`int(e^((x^(2)+4Inx))-x^(3)e^(x^(2)))/(x-1)dx` equals to

To solve the integral \[ I = \int \frac{e^{x^2 + 4 \ln x} - x^3 e^{x^2}}{x - 1} \, dx, \] we can simplify the expression step by step. ### Step 1: Simplify the exponent We know that \(4 \ln x = \ln(x^4)\). Therefore, we can rewrite the integral as: \[ I = \int \frac{e^{x^2} \cdot e^{4 \ln x} - x^3 e^{x^2}}{x - 1} \, dx = \int \frac{e^{x^2} \cdot x^4 - x^3 e^{x^2}}{x - 1} \, dx. \] ### Step 2: Factor out common terms Notice that both terms in the numerator contain \(e^{x^2}\): \[ I = \int \frac{e^{x^2} (x^4 - x^3)}{x - 1} \, dx. \] ### Step 3: Factor the polynomial We can factor \(x^4 - x^3\): \[ x^4 - x^3 = x^3(x - 1). \] Substituting this back into the integral gives: \[ I = \int \frac{e^{x^2} \cdot x^3 (x - 1)}{x - 1} \, dx. \] ### Step 4: Cancel the common factor The \(x - 1\) terms cancel out (for \(x \neq 1\)): \[ I = \int x^3 e^{x^2} \, dx. \] ### Step 5: Substitution Let \(u = x^2\).
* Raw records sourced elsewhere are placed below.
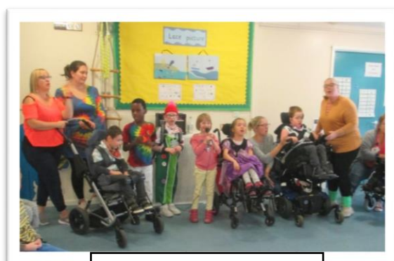
Harvest Samba 2018

“Pupils speak highly of their experiences at the school and are proud to be members of their “family school”. They rightly believe they are very well cared for because their individual needs are considered in all aspects of the school’s work” (Ofsted June 2016)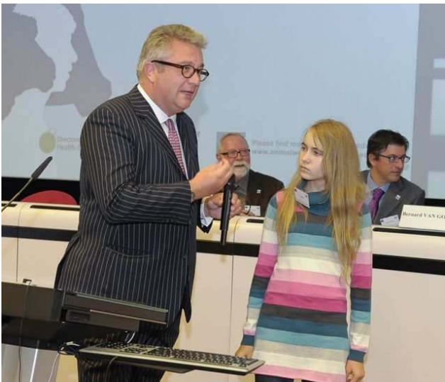
A highlight was the impromptu interview where Prince Laurent asked what this contestant thought was meant by “animal welfare”.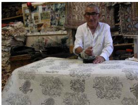
Tapestries such as this one are important Iranian products.

The people, the land, both the wonder and the ordinariness of Iranian humanity, are not to be missed. Intellectually stimulating, it's like looking in a fishbowl, at the results of an experiment that in many ways have worked and in other ways, reflect the many tangents and permutations that nations and people take and create to survive and live. A lesson, as all holidays are, in self-reflection and making sense of ourselves through the experience of others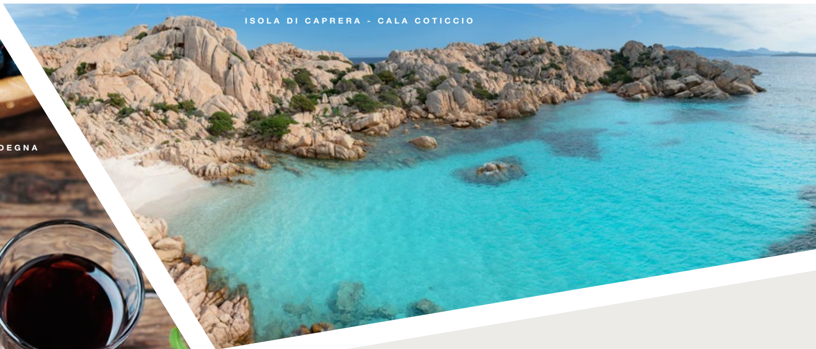
ISOLA DI CAPRERA - CALA COTICCIO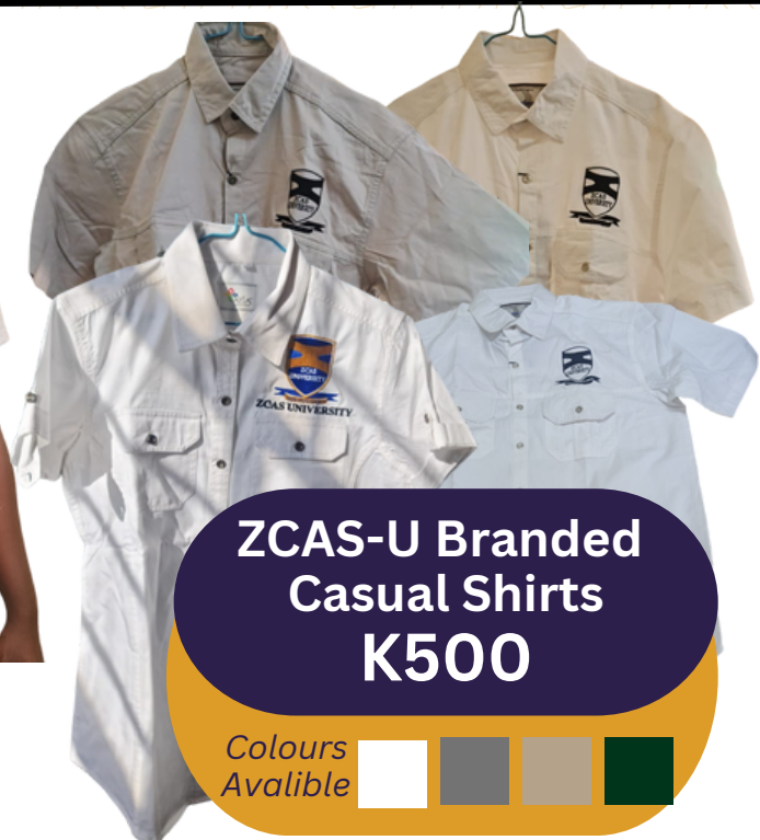
ZCAS-U Branded Casual Shirts K500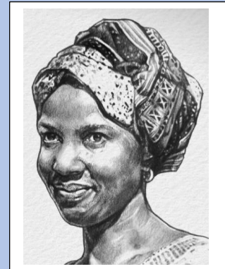
Servant of God Sr. Thea Bowman

Please join The Friends of Saint Francis in a viewing of Formed.org's offering of the Stella Maris Productions, LLC documentary

Then, \(du = 2x \, dx\) or \(dx = \frac{du}{2x}\). Since \(x = \sqrt{u}\), we have: \[ dx = \frac{du}{2\sqrt{u}}. \] Thus, we can rewrite \(x^3\) as \((\sqrt{u})^3 = u^{3/2}\): \[ I = \int u^{3/2} e^u \cdot \frac{du}{2\sqrt{u}} = \frac{1}{2} \int u e^u \, du. \] ### Step 6: Integration by parts Using integration by parts, let \(v = e^u\) and \(w = u\): \[ \int u e^u \, du = u e^u - \int e^u \, du = u e^u - e^u + C. \] ### Step 7: Substitute back Thus, \[ I = \frac{1}{2} \left( u e^u - e^u \right) + C = \frac{1}{2} \left( x^2 e^{x^2} - e^{x^2} \right) + C. \] ### Step 8: Factor out \(e^{x^2}\) Factoring out \(e^{x^2}\): \[ I = \frac{e^{x^2}}{2} (x^2 - 1) + C. \] ### Final Answer Thus, the final result of the integral is: \[ I = \frac{e^{x^2}}{2} (x^2 - 1) + C. \]